■ **TASK PROMPT**:
Set down the data below word for word, and leave the images aside.

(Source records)
------------------------------------
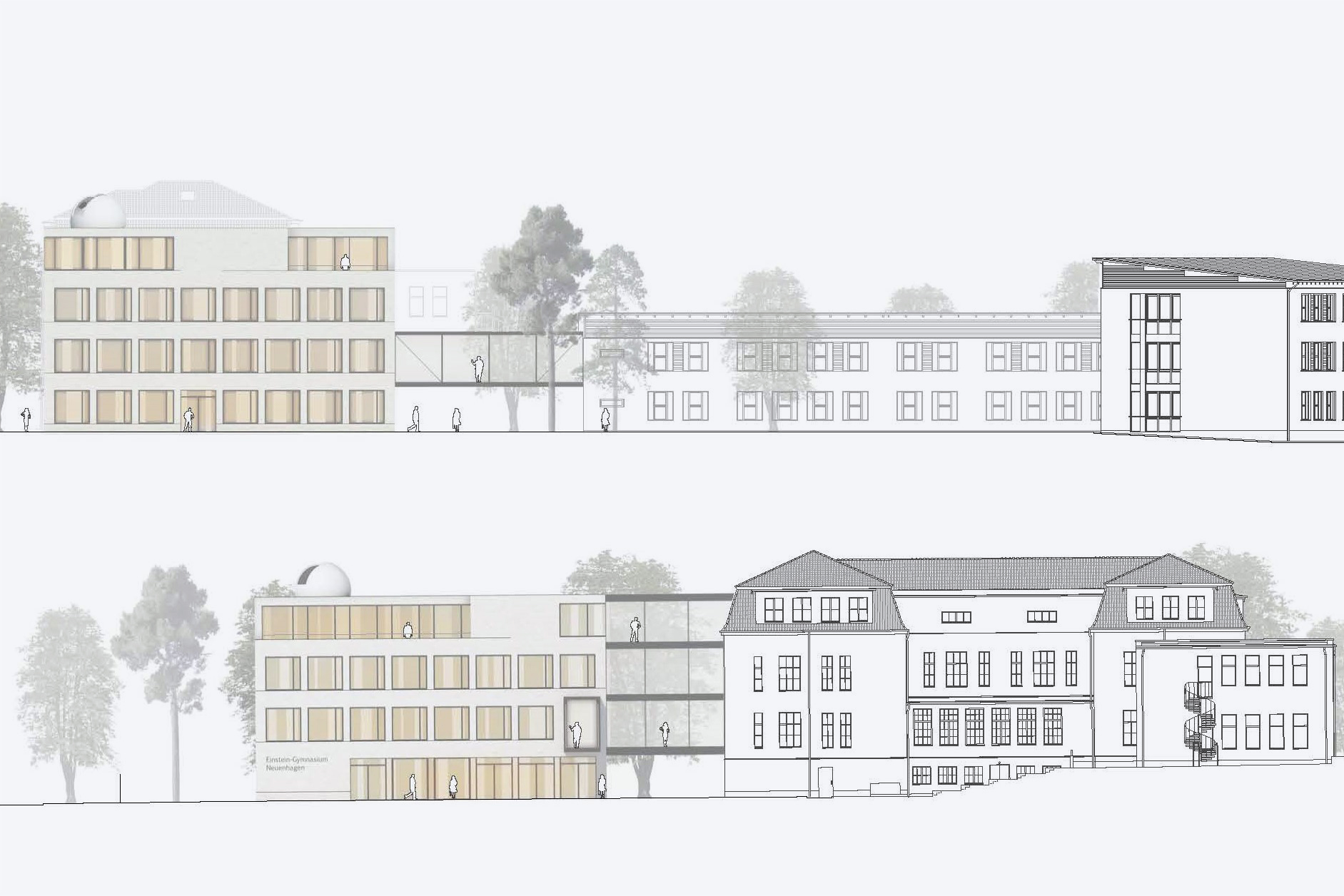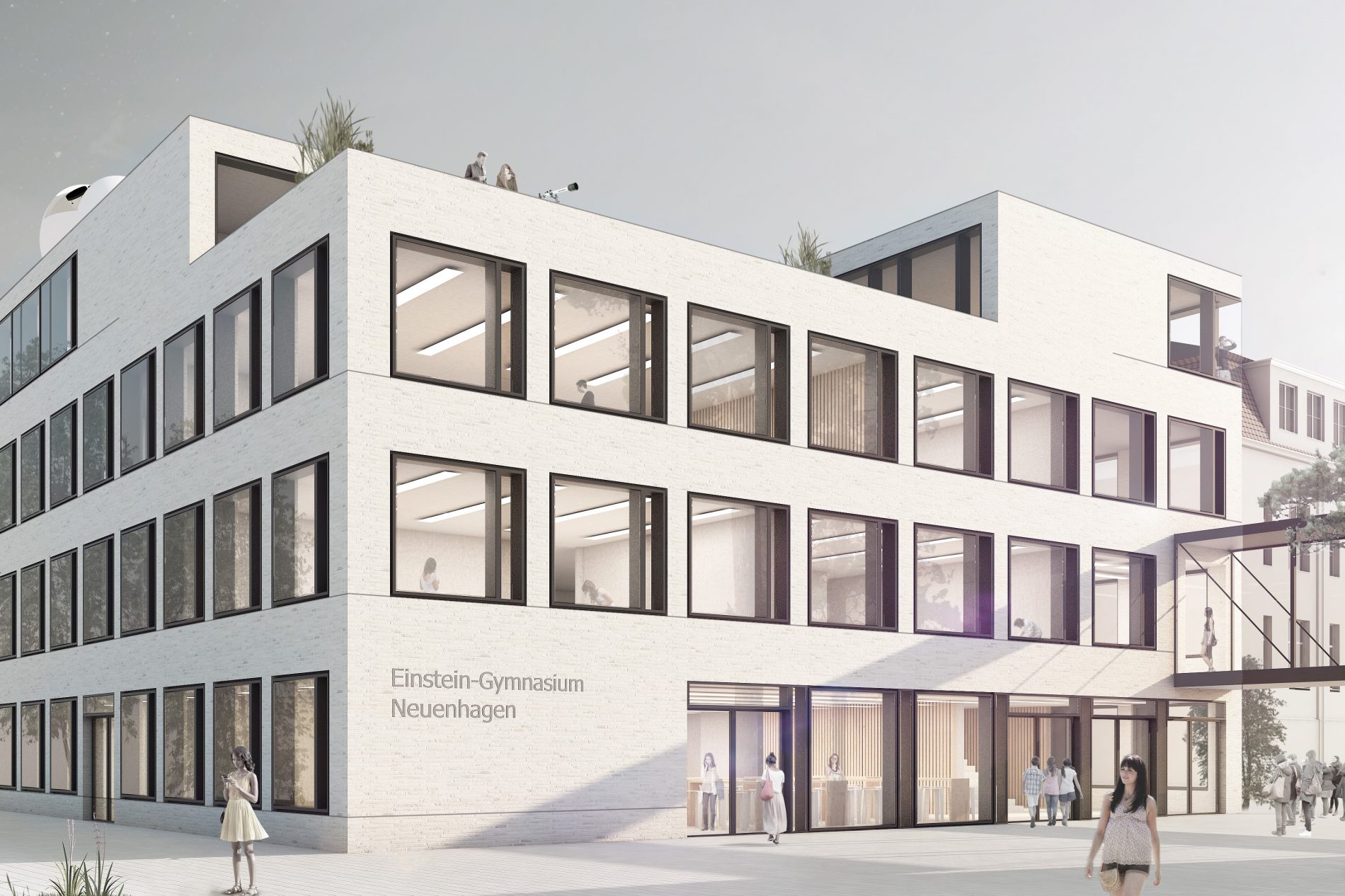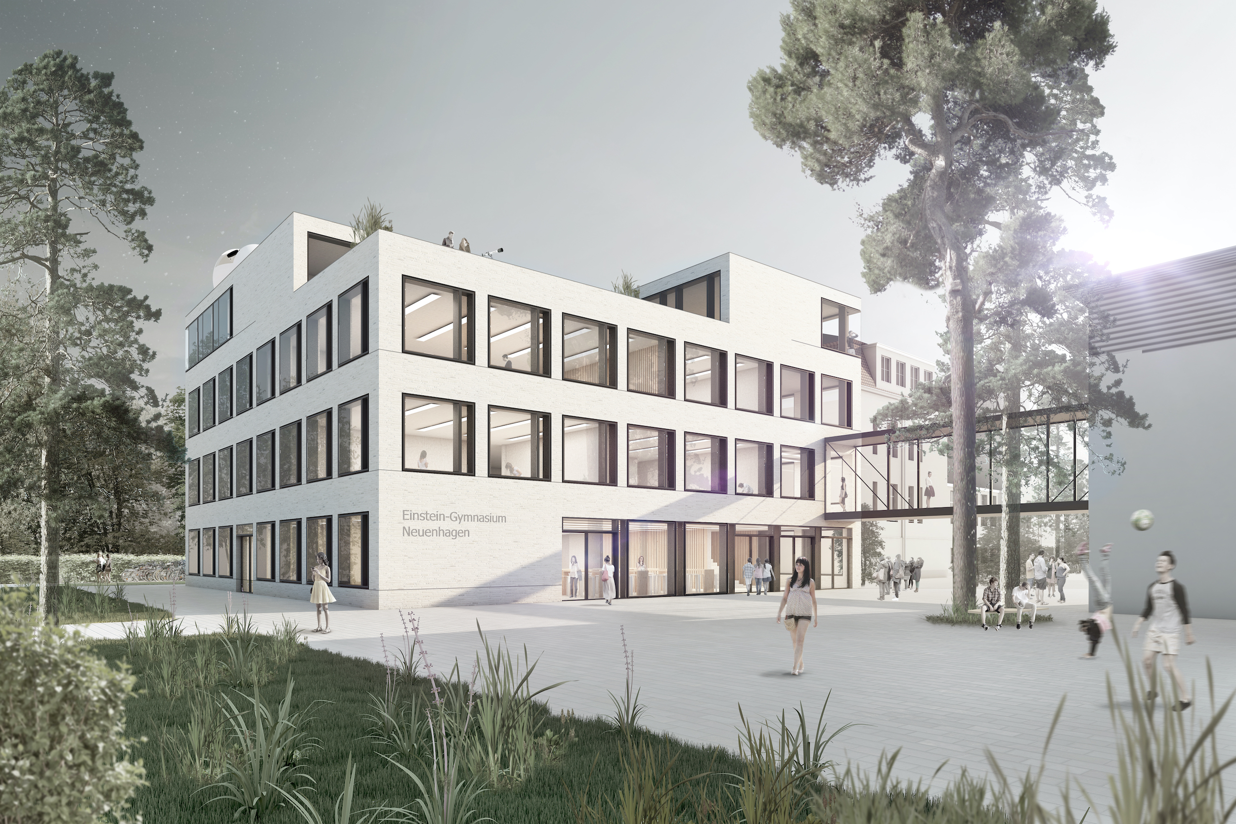 Die Gartenstadt Neuenhagen ist durch frei stehende Ein- und Mehrfamilienhäuser und einen hohen Grünanteil geprägt. Dieses Prinzip wird im Entwurf in einem größeren Maßstab aufgenommen und interpretiert. Drei Gebäude, welche über Brücken, Aufzüge und die neue zentrale Treppe barrierefrei verbunden werden, bestimmen zukünftig das Bild des Einstein-Gymnasiums und spiegeln die baugeschichtliche Entwicklung des Areals wieder.
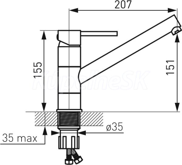 kategória distribúcie Novaservis: Vodovodní baterie | Dřezové baterie stojánkové. Prvotriedna, odolná kartuš 35 mm . s 5 ročnou zárukou. . Kvalitné chrómové prevedenie. Stojanková drezová batéria s otočným ramenom a dĺžkou 207 mm. Súčasťou batérie sú prívodové hadičky.
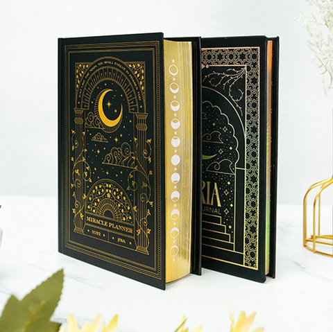 Diario de tapa dura de cuero PU con logotipo personalizado, nuevo diseño, papel de aluminio dorado, cuaderno de tamaño A5 a la moda
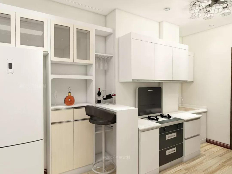 極簡風的廚房,順暢的洗切炒流線,讓你的廚藝發揮更加得心應手。緊靠廚房的吧臺酒櫃,在閑暇時間,炒上兩碟小菜,加一壺濁酒,足以慰平生。
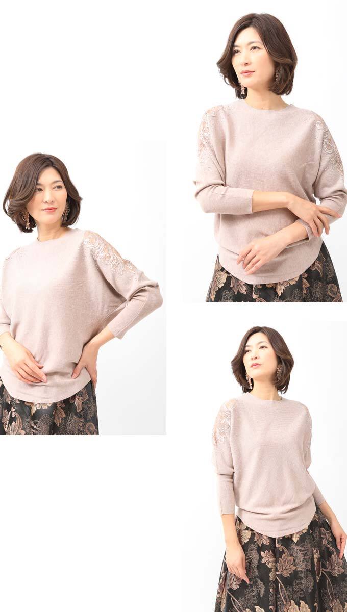 トップス ニット 袖レース 肩レース 繊細レース 透け袖 シアー袖 ドルマンスリーブ カジュアル レディース ファッション「繊細な立体花刺繍袖が大人可愛い ふんわり袖のニットトップス」【da10151】 | deae
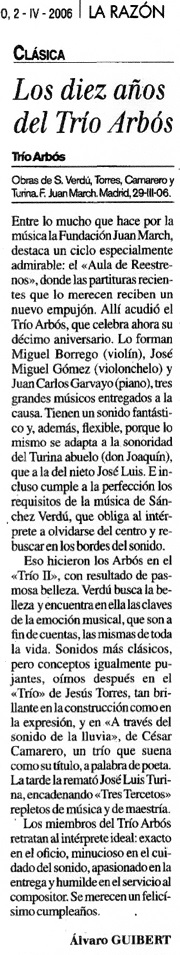 Among the many contributions of the Juan March Foundation to music, one particularly admirable initiative stands out: the «Aula de Reestrenos» (Re-Premieres Classroom), where recent scores worthy of recognition receive a new push. It was here that the Trío Arbós played, now celebrating its tenth anniversary. The ensemble consists of Miguel Borrego (violin), José Miguel Gómez (cello), and Juan Carlos Garvayo (piano) -three outstanding musicians devoted to their cause. Their sound is fantastic and, moreover, flexible, as it adapts just as well to the sonorities of the elder Turina (Joaquín) as to those of his grandson, José Luis. It even meets the exacting demands of Sánchez Verdú's music, which compels the performer to forget the center and explore the edges of sound.
------------------------------------
■ **RESULT FOR THIS EXERCISE**:
 Die Gartenstadt Neuenhagen ist durch frei stehende Ein- und Mehrfamilienhäuser und einen hohen Grünanteil geprägt. Dieses Prinzip wird im Entwurf in einem größeren Maßstab aufgenommen und interpretiert. Drei Gebäude, welche über Brücken, Aufzüge und die neue zentrale Treppe barrierefrei verbunden werden, bestimmen zukünftig das Bild des Einstein-Gymnasiums und spiegeln die baugeschichtliche Entwicklung des Areals wieder.
 kategória distribúcie Novaservis: Vodovodní baterie | Dřezové baterie stojánkové. Prvotriedna, odolná kartuš 35 mm . s 5 ročnou zárukou. . Kvalitné chrómové prevedenie. Stojanková drezová batéria s otočným ramenom a dĺžkou 207 mm. Súčasťou batérie sú prívodové hadičky.
 Diario de tapa dura de cuero PU con logotipo personalizado, nuevo diseño, papel de aluminio dorado, cuaderno de tamaño A5 a la moda
 極簡風的廚房,順暢的洗切炒流線,讓你的廚藝發揮更加得心應手。緊靠廚房的吧臺酒櫃,在閑暇時間,炒上兩碟小菜,加一壺濁酒,足以慰平生。
 トップス ニット 袖レース 肩レース 繊細レース 透け袖 シアー袖 ドルマンスリーブ カジュアル レディース ファッション「繊細な立体花刺繍袖が大人可愛い ふんわり袖のニットトップス」【da10151】 | deae
 Among the many contributions of the Juan March Foundation to music, one particularly admirable initiative stands out: the «Aula de Reestrenos» (Re-Premieres Classroom), where recent scores worthy of recognition receive a new push. It was here that the Trío Arbós played, now celebrating its tenth anniversary. The ensemble consists of Miguel Borrego (violin), José Miguel Gómez (cello), and Juan Carlos Garvayo (piano) -three outstanding musicians devoted to their cause. Their sound is fantastic and, moreover, flexible, as it adapts just as well to the sonorities of the elder Turina (Joaquín) as to those of his grandson, José Luis. It even meets the exacting demands of Sánchez Verdú's music, which compels the performer to forget the center and explore the edges of sound.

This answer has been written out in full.